DATASET CONTENT Block Start

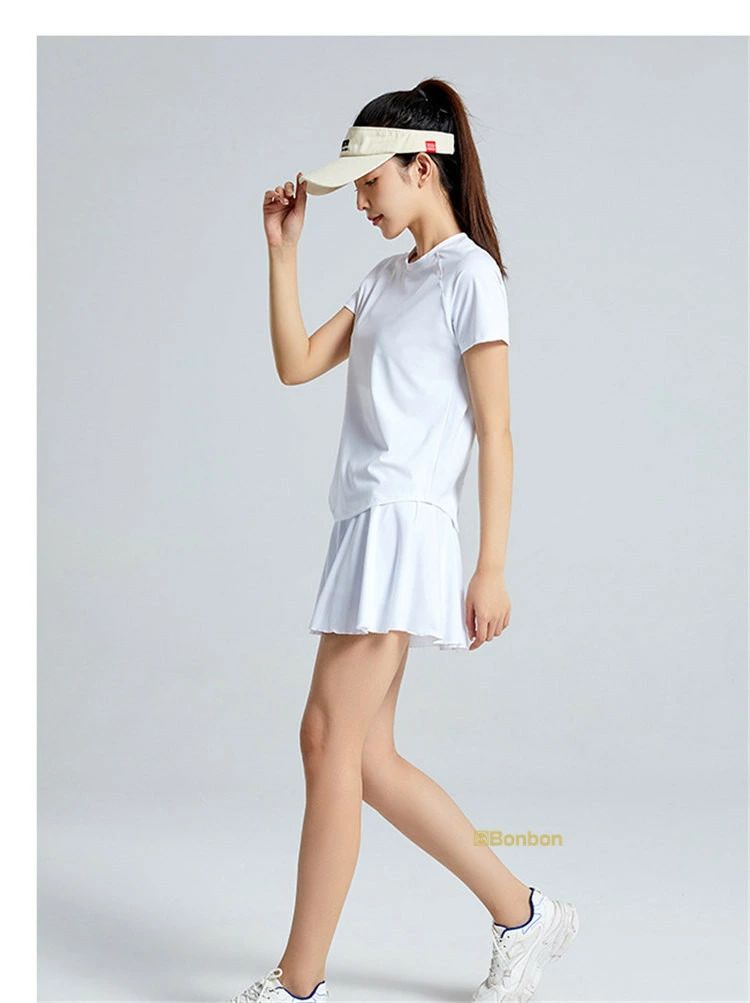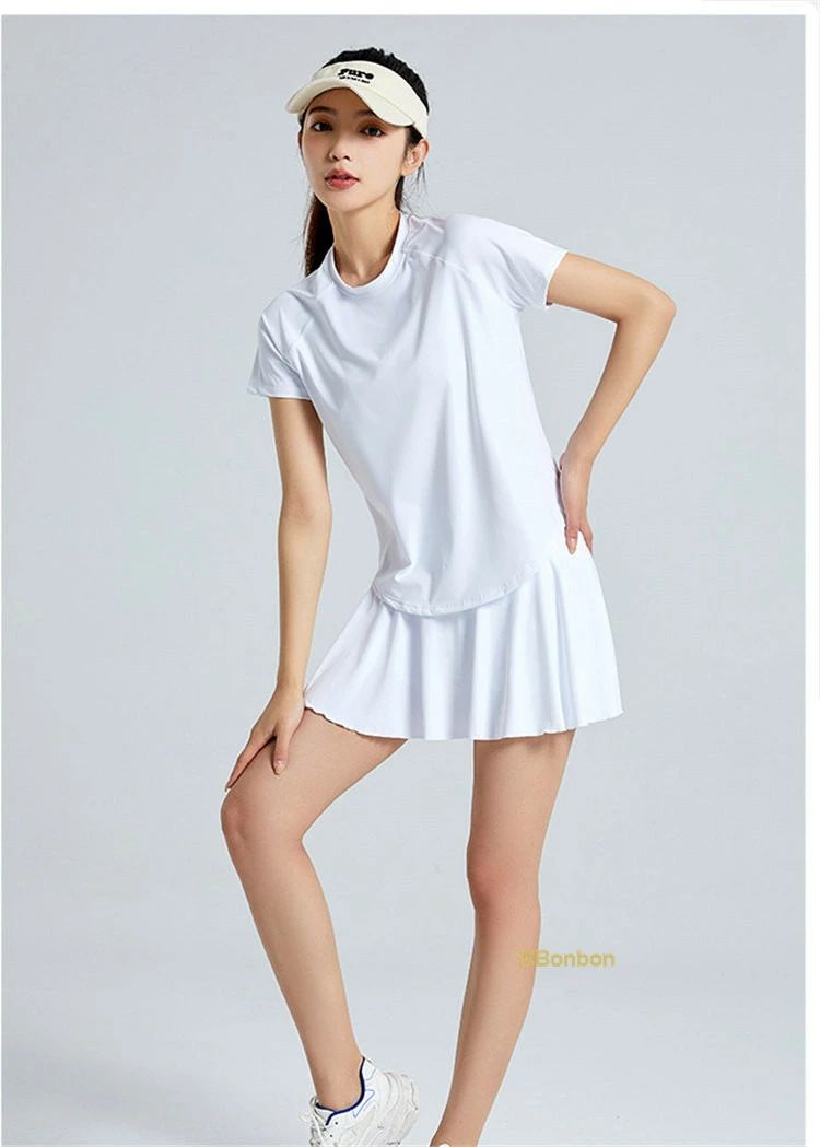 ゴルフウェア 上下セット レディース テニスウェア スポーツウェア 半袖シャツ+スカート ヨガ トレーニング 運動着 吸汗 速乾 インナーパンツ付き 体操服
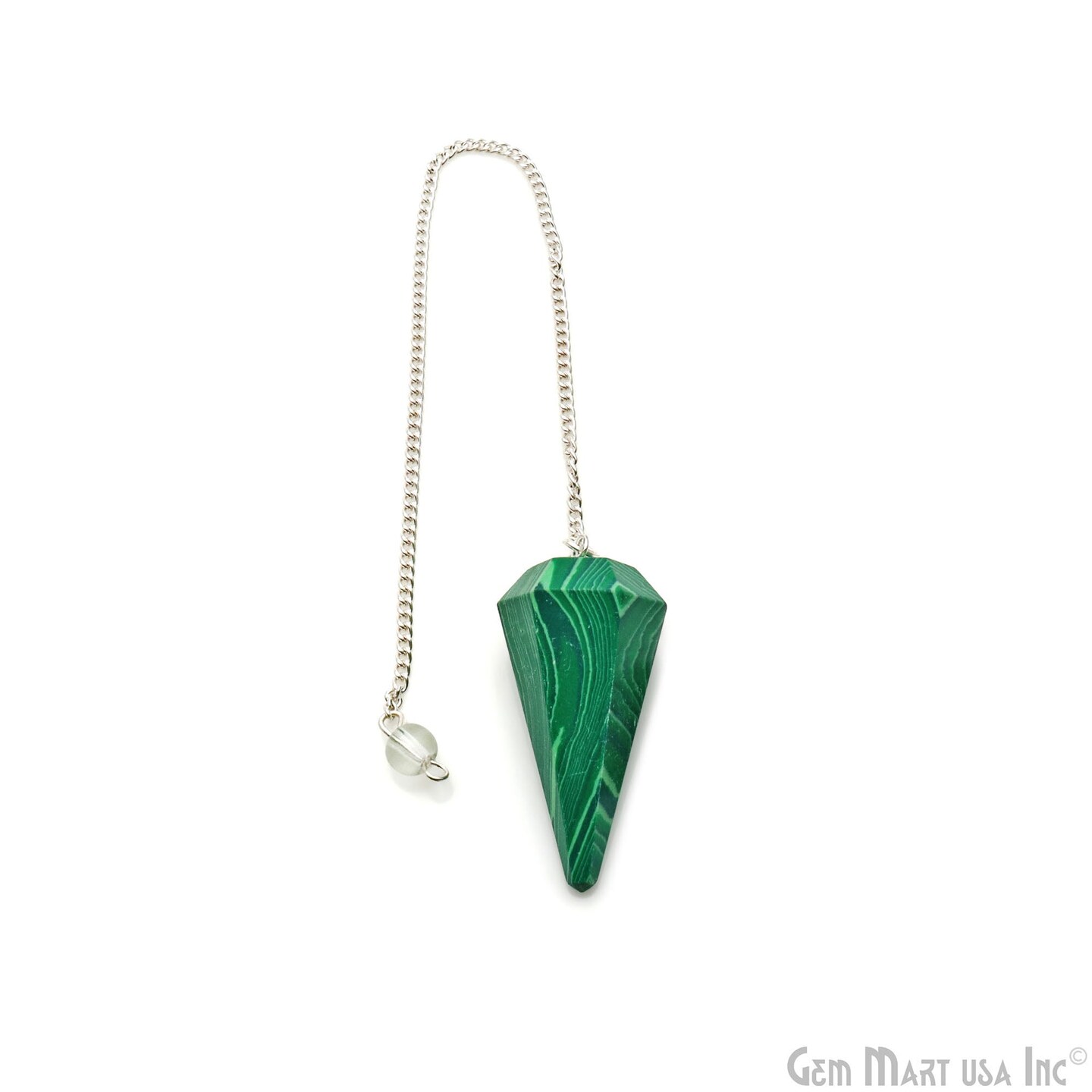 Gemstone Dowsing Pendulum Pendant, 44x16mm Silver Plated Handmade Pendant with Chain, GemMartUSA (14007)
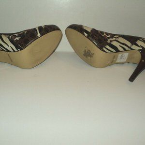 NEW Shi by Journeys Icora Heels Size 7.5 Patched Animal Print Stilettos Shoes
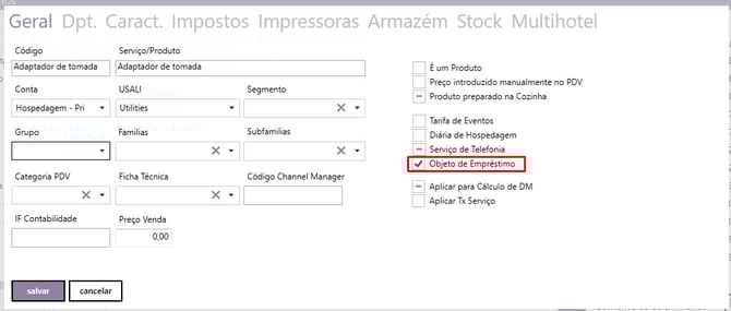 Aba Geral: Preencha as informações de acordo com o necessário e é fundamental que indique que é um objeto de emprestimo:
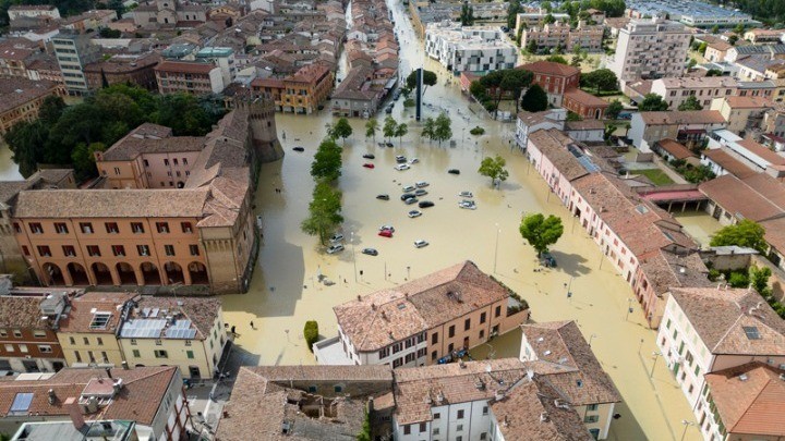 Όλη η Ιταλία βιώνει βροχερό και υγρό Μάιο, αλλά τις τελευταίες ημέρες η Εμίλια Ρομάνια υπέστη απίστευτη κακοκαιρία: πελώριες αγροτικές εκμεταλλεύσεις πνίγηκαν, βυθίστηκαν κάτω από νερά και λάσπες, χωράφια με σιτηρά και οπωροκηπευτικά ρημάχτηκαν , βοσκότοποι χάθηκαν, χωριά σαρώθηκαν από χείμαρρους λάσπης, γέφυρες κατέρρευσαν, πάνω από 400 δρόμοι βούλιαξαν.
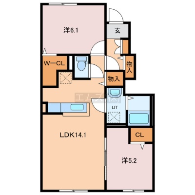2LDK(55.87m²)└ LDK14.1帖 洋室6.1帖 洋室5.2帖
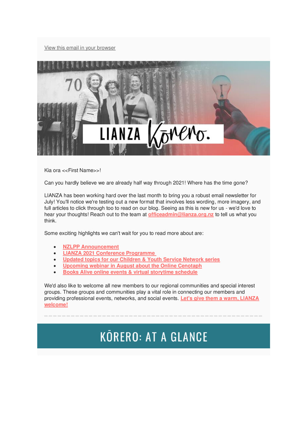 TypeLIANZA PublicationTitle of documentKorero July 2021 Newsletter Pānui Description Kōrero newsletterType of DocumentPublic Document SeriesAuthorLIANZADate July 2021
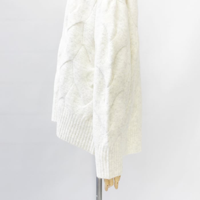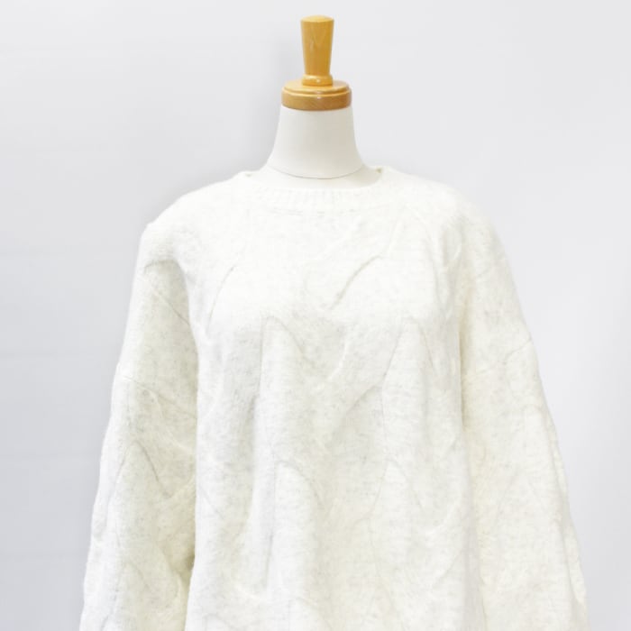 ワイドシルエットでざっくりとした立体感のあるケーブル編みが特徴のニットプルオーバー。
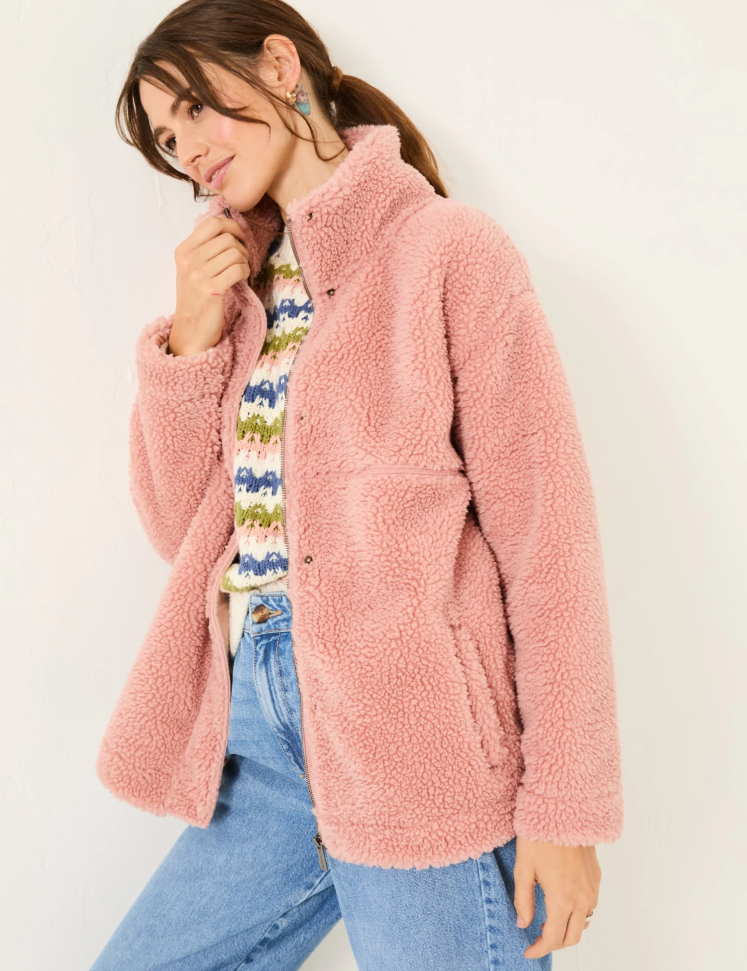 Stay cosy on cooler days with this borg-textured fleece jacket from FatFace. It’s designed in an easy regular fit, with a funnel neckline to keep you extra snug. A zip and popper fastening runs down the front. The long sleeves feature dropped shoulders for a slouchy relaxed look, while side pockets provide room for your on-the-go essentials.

DATASET CONTENT Block End

• TASK ITEM
The output is the lines from the start of the data above through the line containing "2LDK(55.87m²)└ LDK14.1帖 洋室6.1帖 洋室5.2帖", unchanged, with any picture left out.

• THE ANSWER
 ゴルフウェア 上下セット レディース テニスウェア スポーツウェア 半袖シャツ+スカート ヨガ トレーニング 運動着 吸汗 速乾 インナーパンツ付き 体操服
 Gemstone Dowsing Pendulum Pendant, 44x16mm Silver Plated Handmade Pendant with Chain, GemMartUSA (14007)
 NEW Shi by Journeys Icora Heels Size 7.5 Patched Animal Print Stilettos Shoes
 Aba Geral: Preencha as informações de acordo com o necessário e é fundamental que indique que é um objeto de emprestimo:
 Όλη η Ιταλία βιώνει βροχερό και υγρό Μάιο, αλλά τις τελευταίες ημέρες η Εμίλια Ρομάνια υπέστη απίστευτη κακοκαιρία: πελώριες αγροτικές εκμεταλλεύσεις πνίγηκαν, βυθίστηκαν κάτω από νερά και λάσπες, χωράφια με σιτηρά και οπωροκηπευτικά ρημάχτηκαν , βοσκότοποι χάθηκαν, χωριά σαρώθηκαν από χείμαρρους λάσπης, γέφυρες κατέρρευσαν, πάνω από 400 δρόμοι βούλιαξαν.
2LDK(55.87m²)└ LDK14.1帖 洋室6.1帖 洋室5.2帖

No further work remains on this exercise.